Would you reproduce the data below exactly, please, leaving out its images?

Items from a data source
※
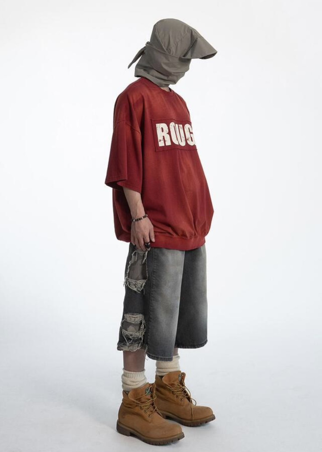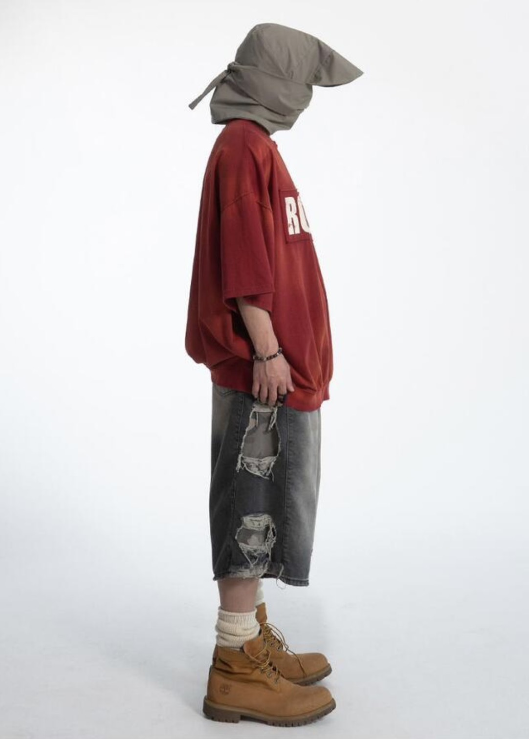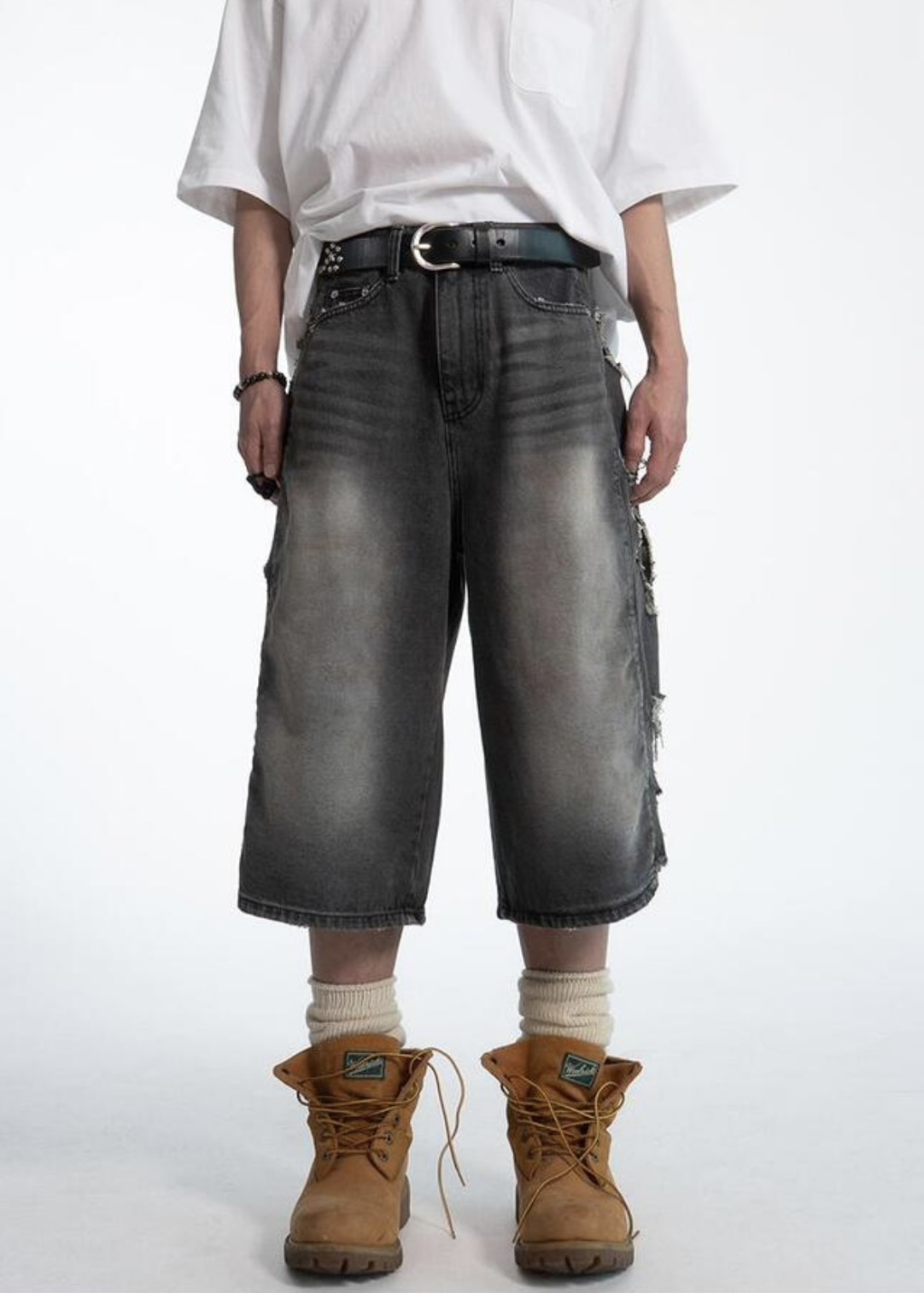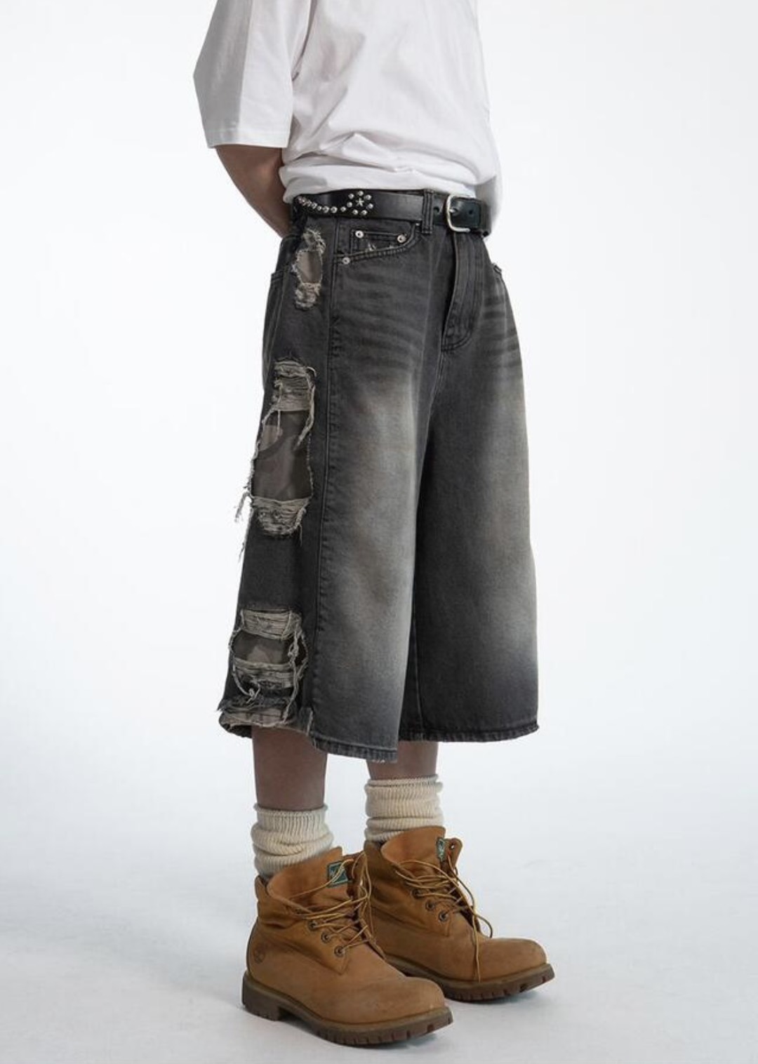 (新款短褲版本!) 韓國 迷彩 側破壞 復古 水洗 膝下 牛仔短褲 (2color)
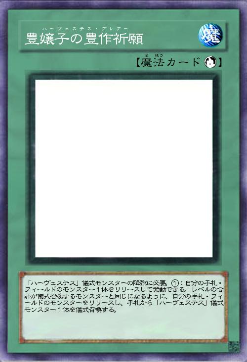 | 「ハーヴェステス」儀式モンスターの降臨に必要。①:自分の手札・フィールドのモンスター1体をリリースして発動できる。レベルの合計が儀式召喚するモンスターと同じになるように、自分の手札・フィールドのモンスターをリリースし、手札から「ハーヴェステス」儀式モンスター1体を儀式召喚する。 | |||
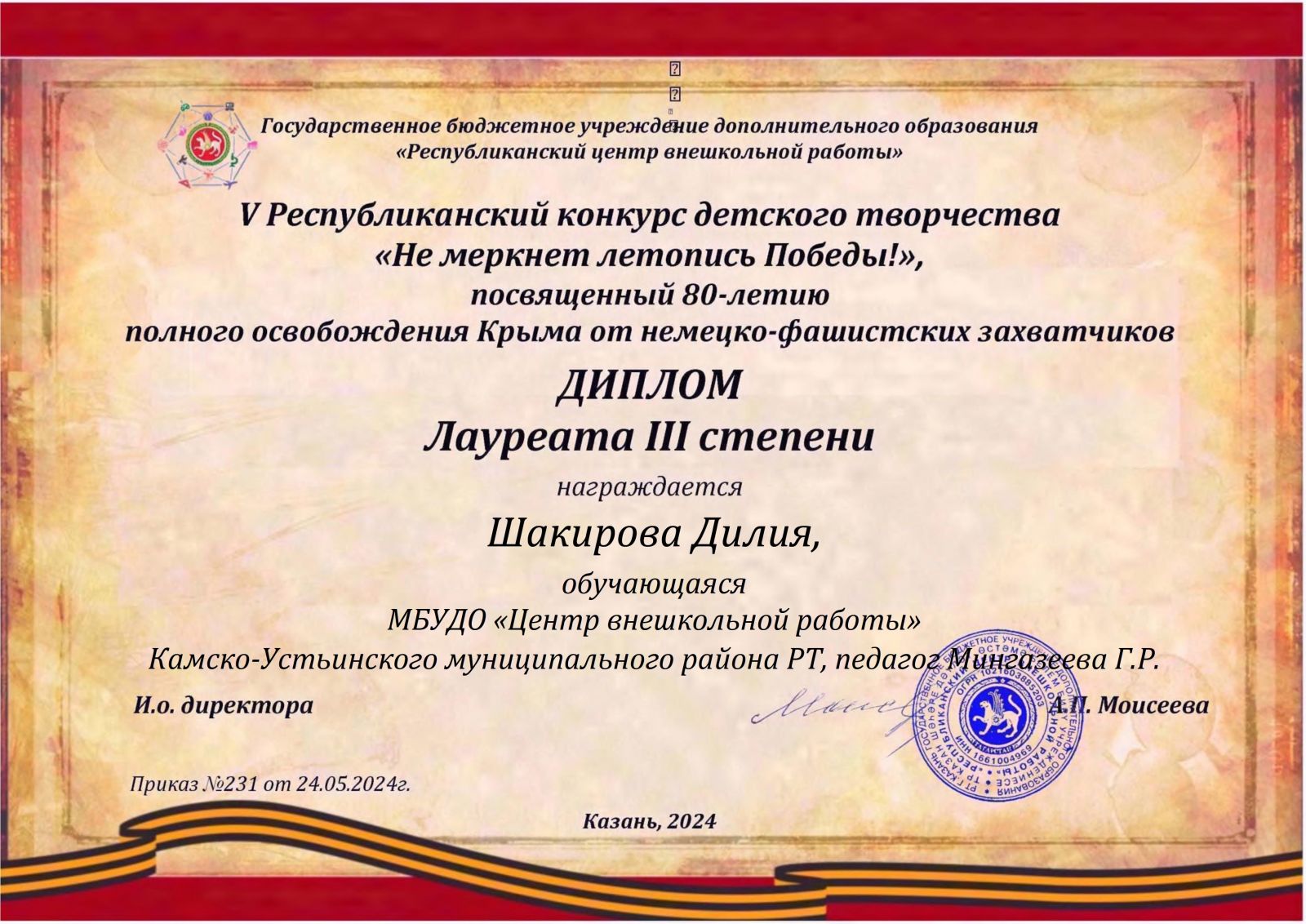 Обучающаяся объединения дополнительного образования «Изобразительное творчество» Шакирова Дилия награждена дипломом лауреата III степени V Республиканского конкурса детского творчества «Не меркнет летопись Победы!», руководитель Мингазеева Г. Р.
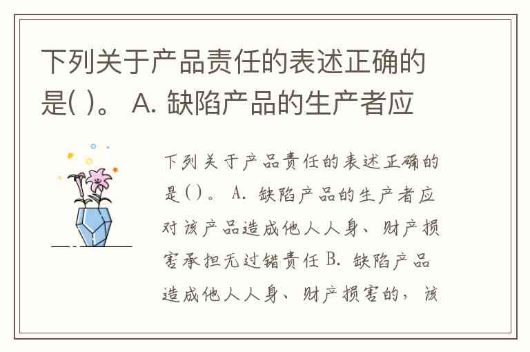 表述内容:“缺陷产品的生产者应对该产品造成他人人身、财产损害承担无过错责任”。
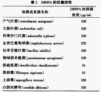 美國DOW化學(xué)公司研究人員對(duì)該物質(zhì)的殺菌性能進(jìn)行了測(cè)試,測(cè)得DBNPA的抗菌活性如表2[6].
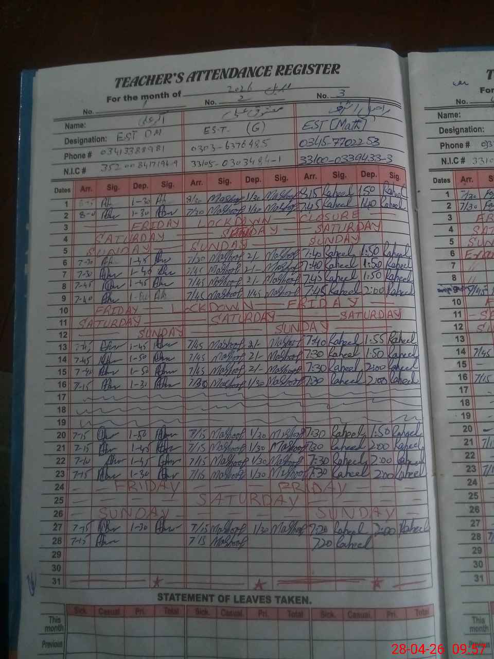| CNIC | Full Name | Designation | R/C | Absence During Last Calender Month |
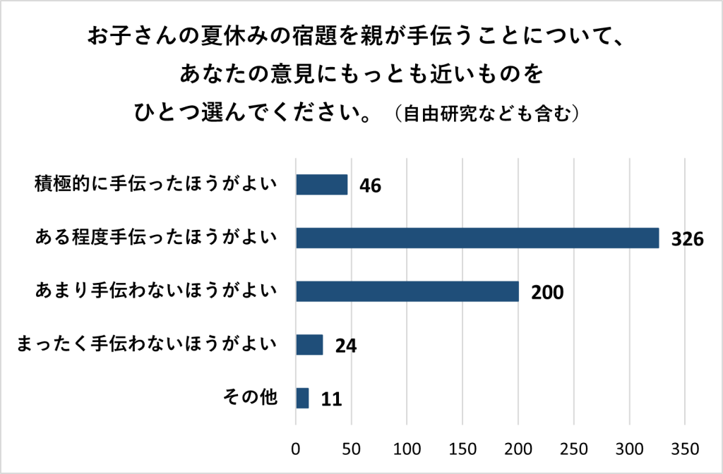 では、夏休みの宿題について、親がどのくらい手伝うべきなのでしょうか。それぞれの家庭のスタンスを尋ねたところ、「ある程度手伝ったほうがよい」と答えた人がもっとも多くを占めていました。
※
● **ANSWER BOX**:
 (新款短褲版本!) 韓國 迷彩 側破壞 復古 水洗 膝下 牛仔短褲 (2color)
 | 「ハーヴェステス」儀式モンスターの降臨に必要。①:自分の手札・フィールドのモンスター1体をリリースして発動できる。レベルの合計が儀式召喚するモンスターと同じになるように、自分の手札・フィールドのモンスターをリリースし、手札から「ハーヴェステス」儀式モンスター1体を儀式召喚する。 | |||
 Обучающаяся объединения дополнительного образования «Изобразительное творчество» Шакирова Дилия награждена дипломом лауреата III степени V Республиканского конкурса детского творчества «Не меркнет летопись Победы!», руководитель Мингазеева Г. Р.
 表述内容:“缺陷产品的生产者应对该产品造成他人人身、财产损害承担无过错责任”。
 美國DOW化學(xué)公司研究人員對(duì)該物質(zhì)的殺菌性能進(jìn)行了測(cè)試,測(cè)得DBNPA的抗菌活性如表2[6].
| CNIC | Full Name | Designation | R/C | Absence During Last Calender Month |
 では、夏休みの宿題について、親がどのくらい手伝うべきなのでしょうか。それぞれの家庭のスタンスを尋ねたところ、「ある程度手伝ったほうがよい」と答えた人がもっとも多くを占めていました。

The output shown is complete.